As plotnine is based on a grammar of graphics creation of chart using it also involves providing details about chart creation in layers. Below are steps that we'll commonly use to create charts using plotnine.

1. Create chart object with data and mapping.
2. Add geometric objects (lines, bars, points, etc) to it.
3. Add axes labels, titles, etc to it.
4. Add chart theme details to it.
5. Add any extra annotations (text or any other) to it.
6. Add any other transformations or facet-related information to it.
7. More steps for complicated charts.

The mapping in the first step refers to specifying which data columns to use for X-axis, Y-axis, color, size, shape, etc. These are data columns between whom we want to explore relationships. The mapping can be declared in the second step as well if not provided in the first step.

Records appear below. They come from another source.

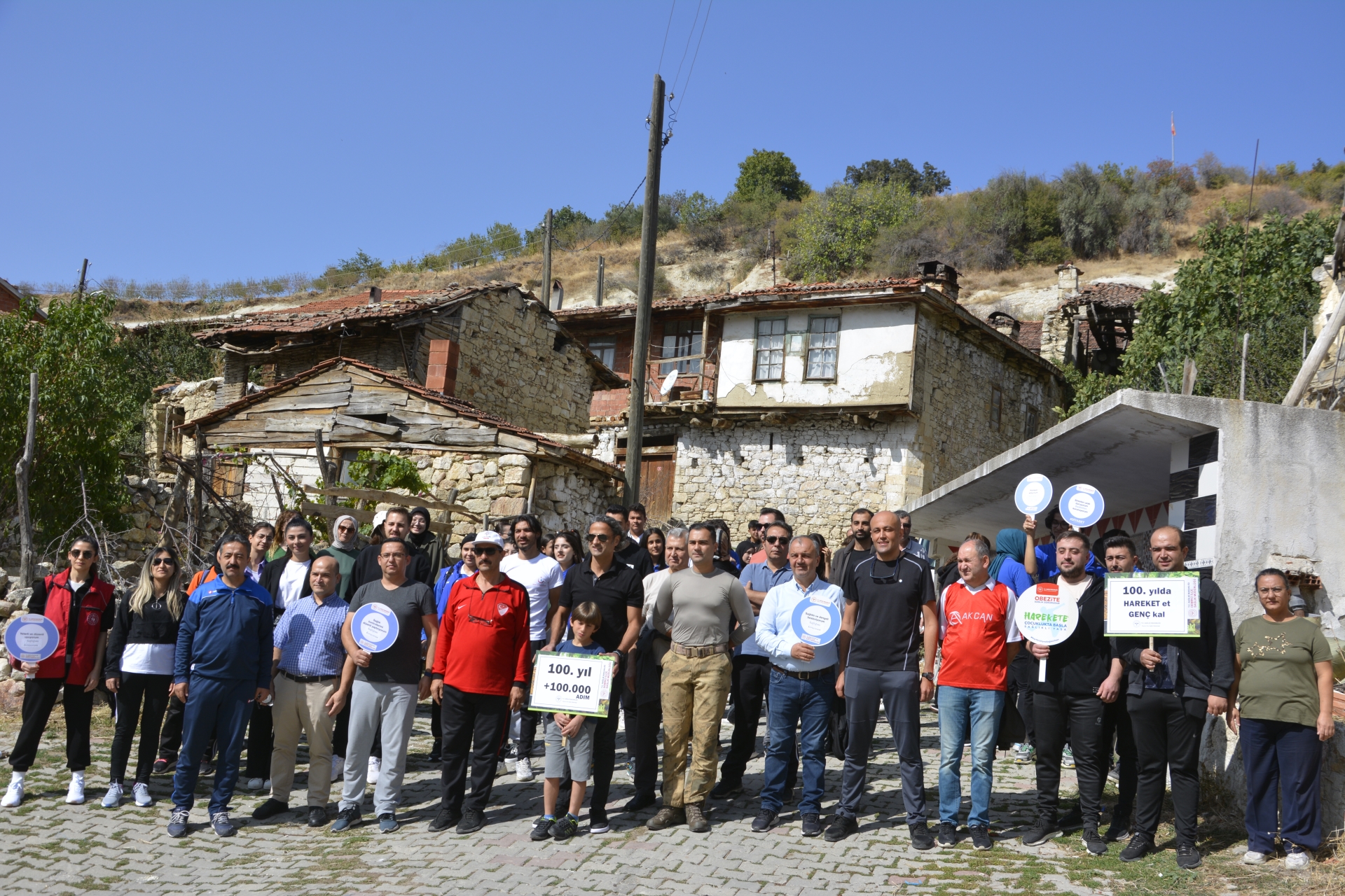 Öğrenciler “ Hareket et genç kal”, 100. Yılda 100.000 adım “ dövizleri ile yürüyüşte farkındalık yarattılar.
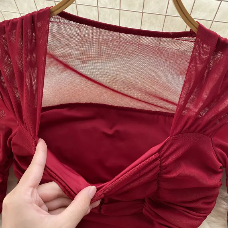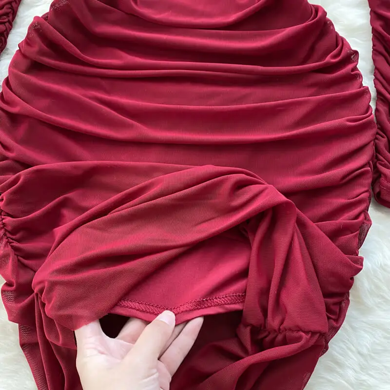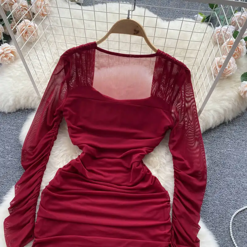 Red Square Neck Fall Women's Waisted Pleated Long Sleeve Bodycon Mini Dresses
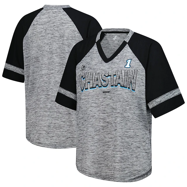 T-shirt à col en V surdimensionné G-III 4Her de Carl Banks Heather Gray Ross Chastain Hall of Fame pour femme
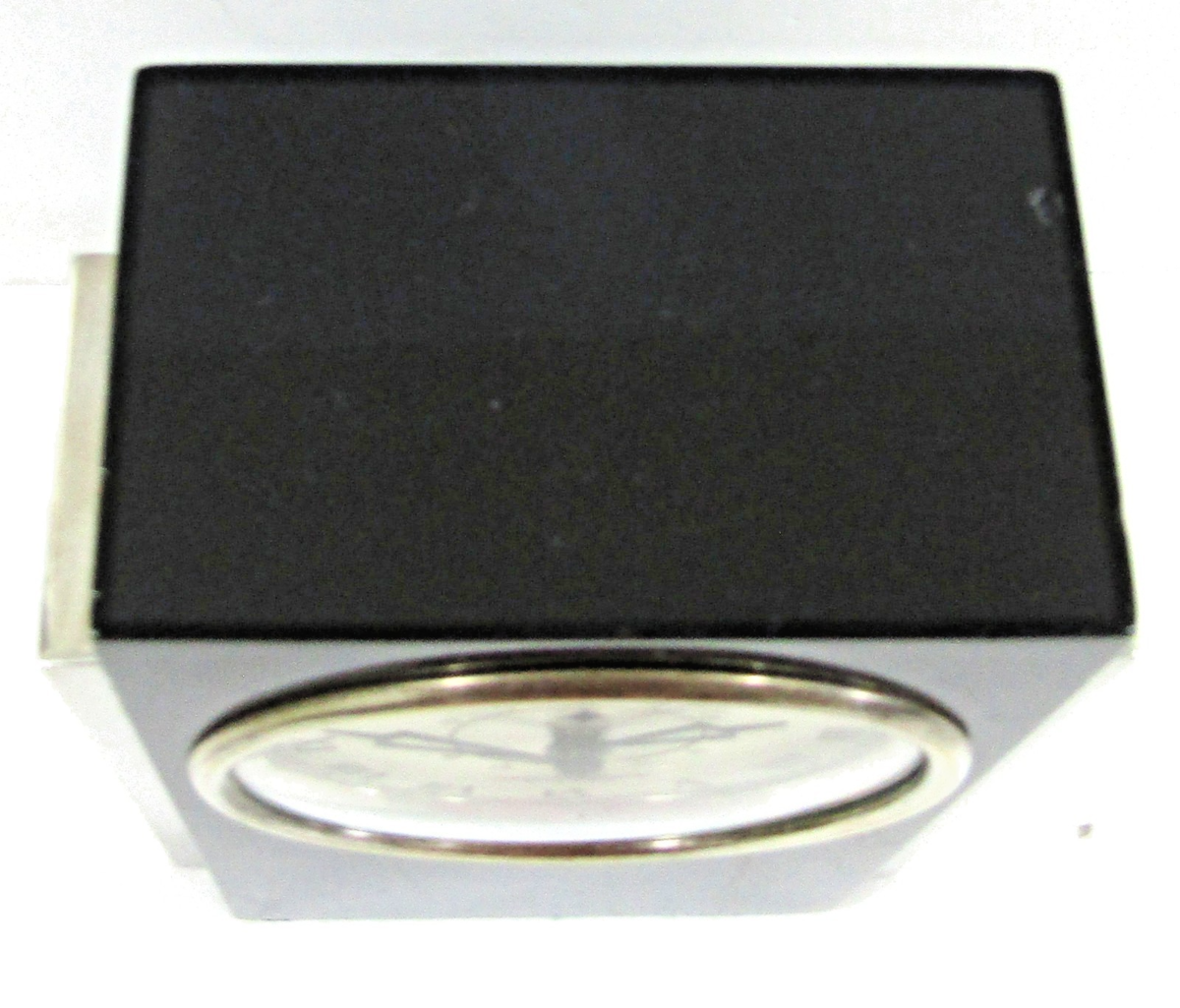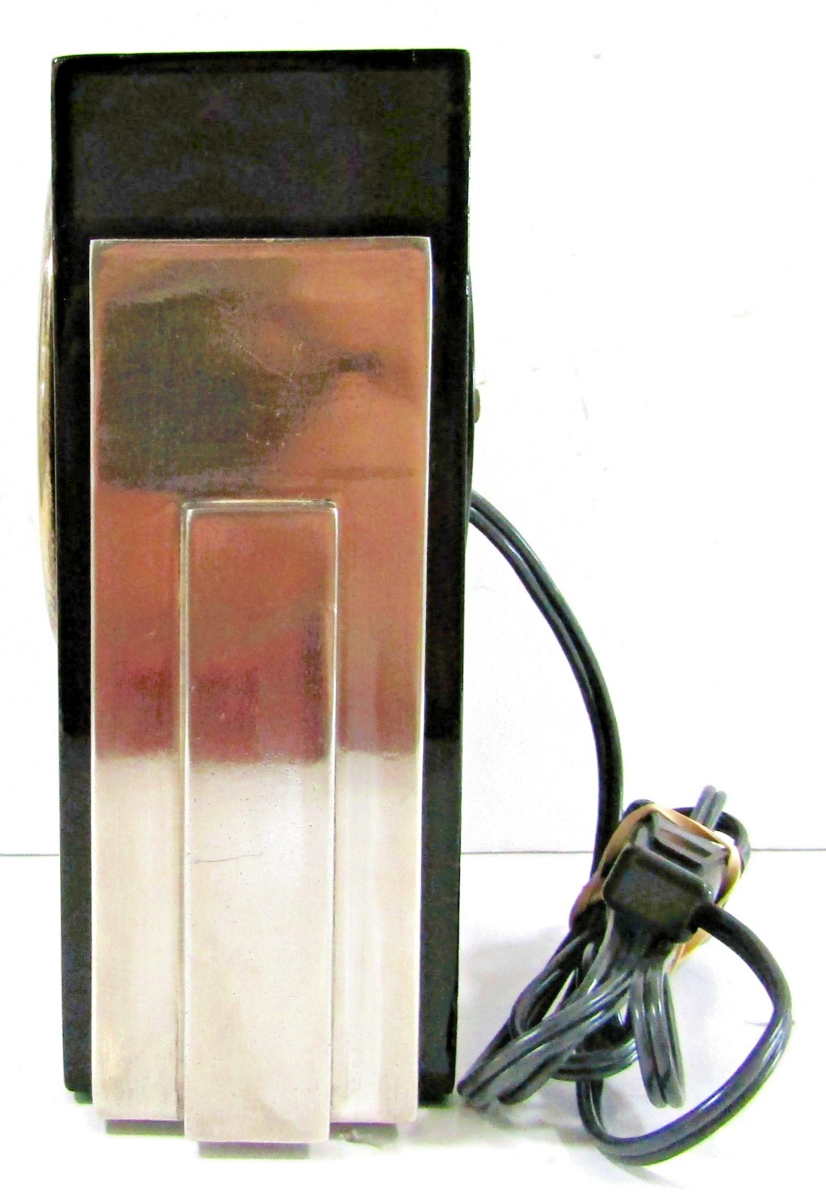The Hamilton Sangamo Synchronous 1930s Scarsdale Model Black Lacquer Chrome Clock is an antique clock from the early 20th century. It features a rectangular shape with a black and silver color scheme, displaying Roman numerals. This quartz plug-in electric clock by the Hamilton brand showcases a classic design with a wood frame, making it a decorative collectible for any room in your home. Made in the United States, this original clock captures the nostalgia and style of the 1930s era.
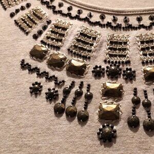 New with tags Y2K dead-stock short sleeve top with hand-beaded embellished jewel neckline. Round neck. Chic jeweled neckline details. Comfortable, soft, breathable fabric with some stretch.
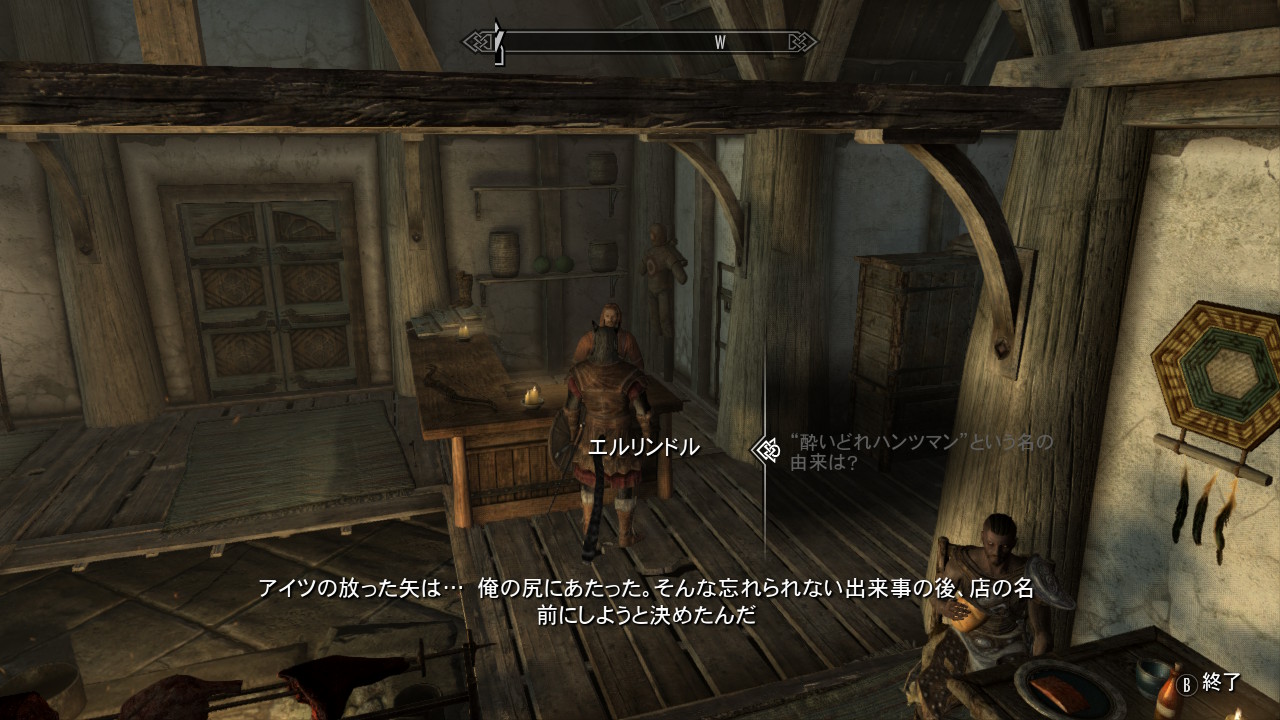 【上画像】「酔いどれハンツマン」の由来を聞きたかっただけなのに、何度か卓上の物を盗んで衛兵に追いかけられて再ロードした
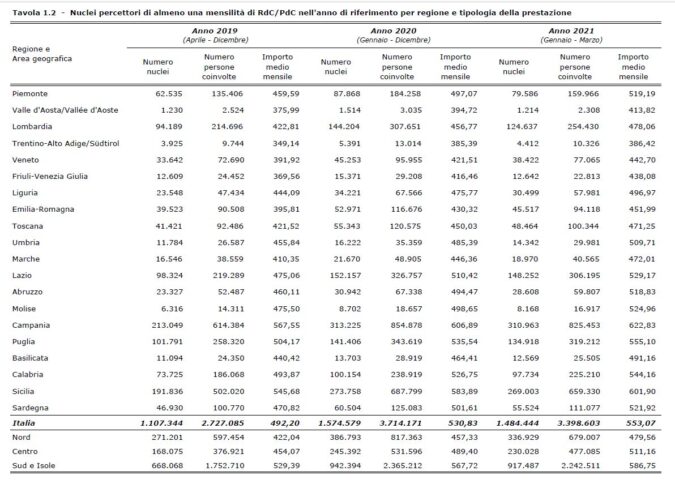Per comprendere la dimensione del disagio economico diffuso tra le famiglie calabresi a seguito della pandemia vengono in soccorso anche i numeri forniti dall’Osservatorio statistico dell’Inps. Leggendo il report trimestrale pubblicato ad aprile scorso, emerge infatti che i percettori di almeno una mensilità di Reddito di cittadinanza (Rdc) o Pensione di cittadinanza (Pdc) sono enormemente cresciuti in Calabria: passando da 73.725 nuclei del trimestre aprile dicembre del 2019 a 97.734 dei primi tre mesi del 2021. Quasi un terzo in più (esattamente il 32,6%).
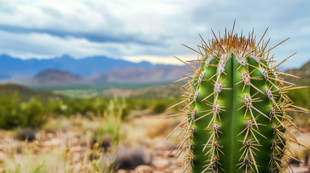 A close-up of a green cactus with sharp spines, set against a soft, desert landscape backdrop, capturing the beauty and resilience of desert flora.
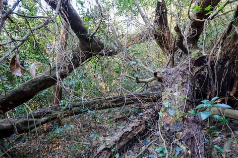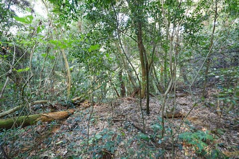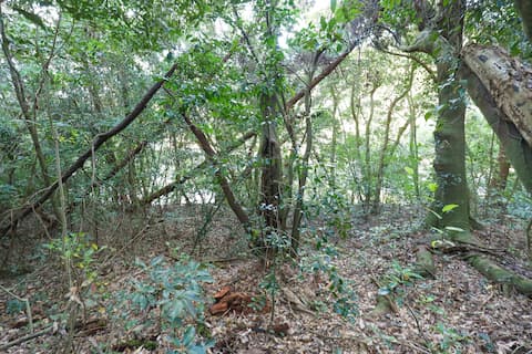 倒木、ツタ、棘のある木…、おまけに地面は至る所に起伏があるため(しかもそれが草で覆われて分かりにくくなっている)、前方と足元、両方に注意が必要。
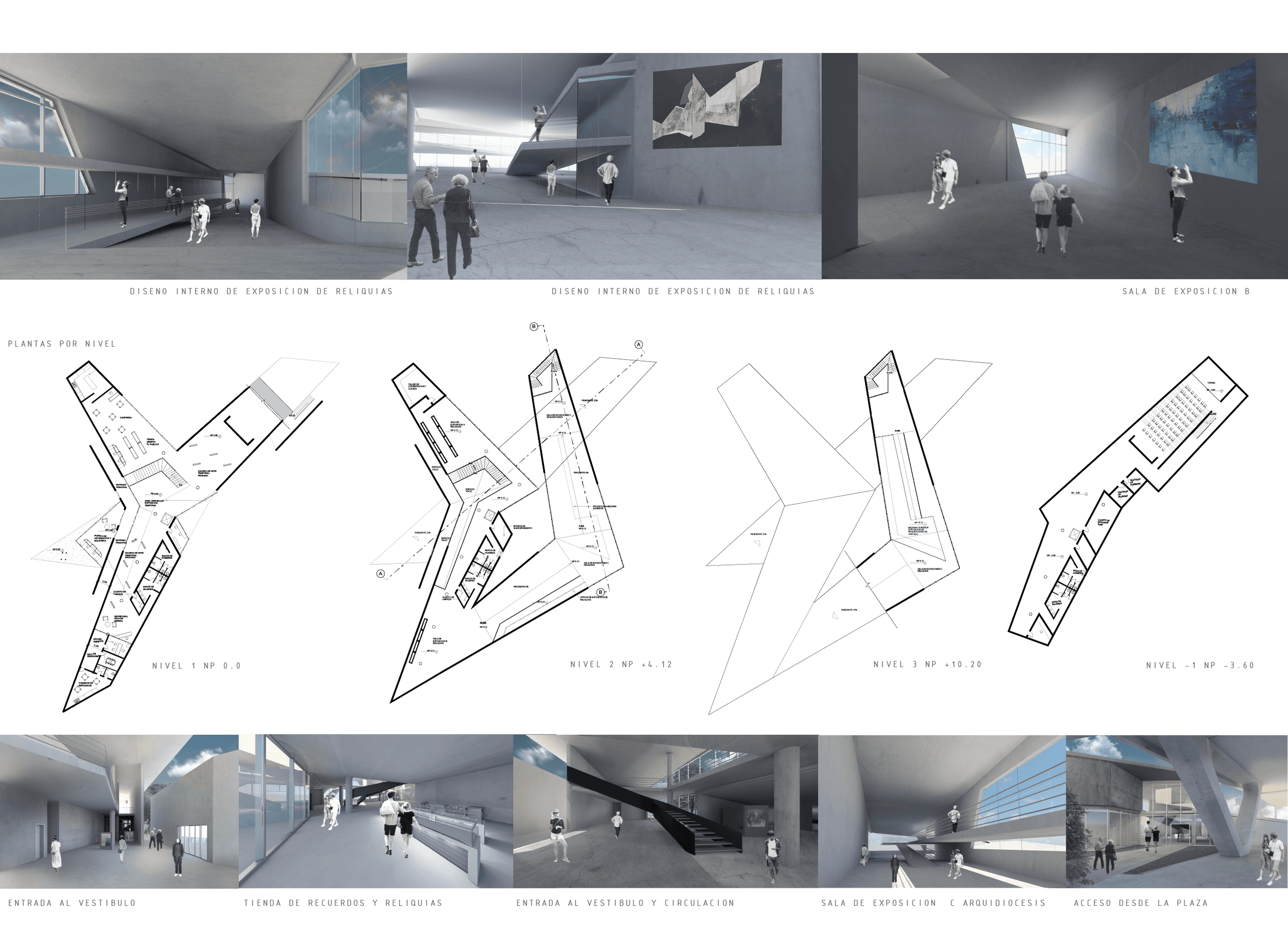 Sacred yet profane. The project it was intended to attract all types of people, by means of different forms of art, not merely religious, where the building begins with contemporary exhibitions representing the most ‘‘mundane’’ only to to climb the most sacred or religious exhibitions. This route represents the accent to God. By means of materials such as the exposed concrete and the inputs of light, they become merely perceptual spaces, where art and religion converge and it is an intimate experience for anyone visiting the museum.
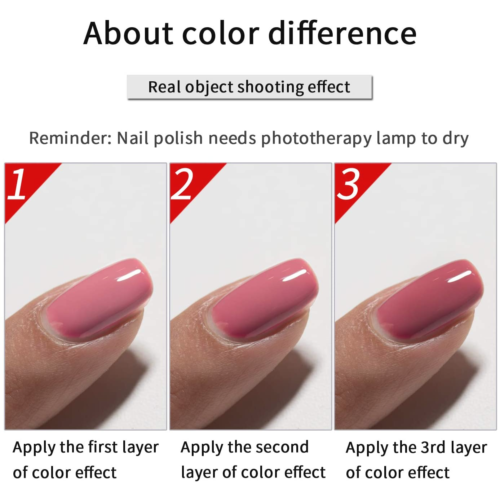 • Reminder: Cure under LED light 30-60 secs, UV light gel polish with glitter may be a little a thin layer evenly each time to avoid thickness.Require to use with base & top coat.
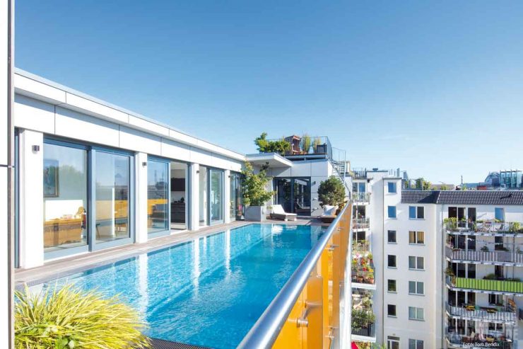Ein langes Becken, das bereits am Vormittag im Sonnenschein liegt, eine hochwertige Edelstahloptik und nicht zuletzt eine vollautomatisierte Schwimmbadtechnik – dies sind nur einige Highlights des hochwertigen Privat-Pools auf diesem Dach in Berlin-Friedrichshain. Als Ausgleich zum Trubel der Stadt bietet der Private Spa einen außergewöhnlichen Rückzugsort zum Energietanken und Entspannen.
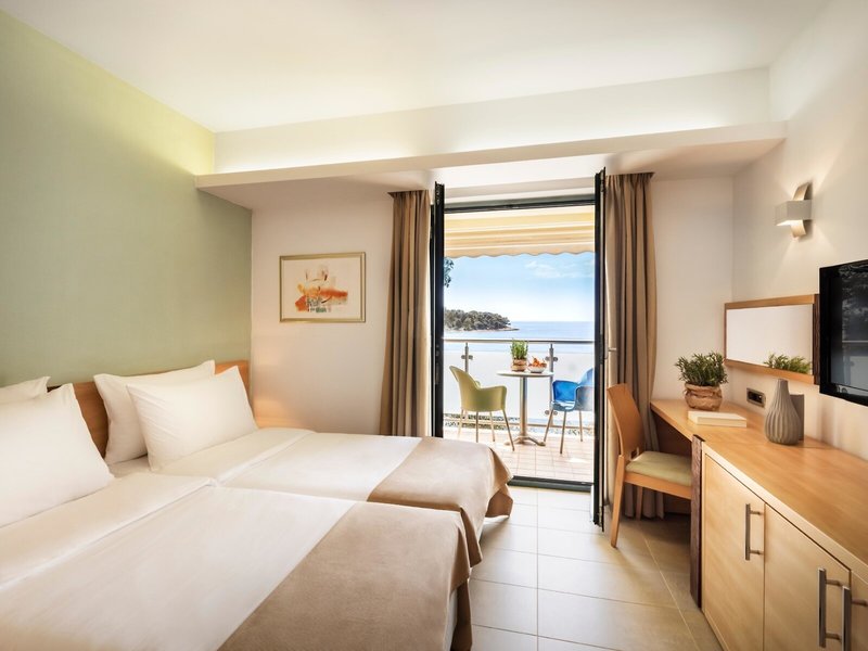 - Superior Room, with extra bed (DZX2), Doppelzimmer, im Nebengebäude, Meerseite, ca. 23 m², letzte Komplettrenovierung 2005, Gesamtanzahl der Räume in diesem Zimmertyp: 1, 2 Einzelbetten (90x200cm), 1 Schlafsofa (80x190cm), Babybett: ohne Gebühr, Anfrage notwendig, Klimaanlage: ohne Gebühr, zentral gesteuert, Fußboden: Fliesenboden, Safe: ohne Gebühr, Schreibtisch, Kühlschrank: ohne Gebühr, Telefon, Internet: WLAN/WiFi: ohne Gebühr, Fernseher: deutsches Programm, Sat-TV, Reinigungsservice: ohne Gebühr, Badewanne, WC, Föhn, Balkon oder Terrasse: mit Sitzgelegenheit

Please make a note that all the steps might not be present in all charts but a majority of them will be in most charts. Apart from this, the chart can have many more steps if it is a complicated chart and represents a lot of information but the majority of the simple chart will be done with the first 3-5 steps.

## 1. Scatter Plots ¶

As a part of this section, we'll explain how to create scatter charts using plotnine. We'll start with a simple scatter chart and build on it.

We'll be following the steps that we discussed above for creating a chart. Below is a list of functions that we'll be using for our purpose.

#### Important Functions of Plotnine Module¶

• ggplot(mapping=None,data=None) - This method takes as input data for chart and mapping. The mapping parameter holds details about which column to use for which axis and details about encoding (color, size, shape, etc.) as well.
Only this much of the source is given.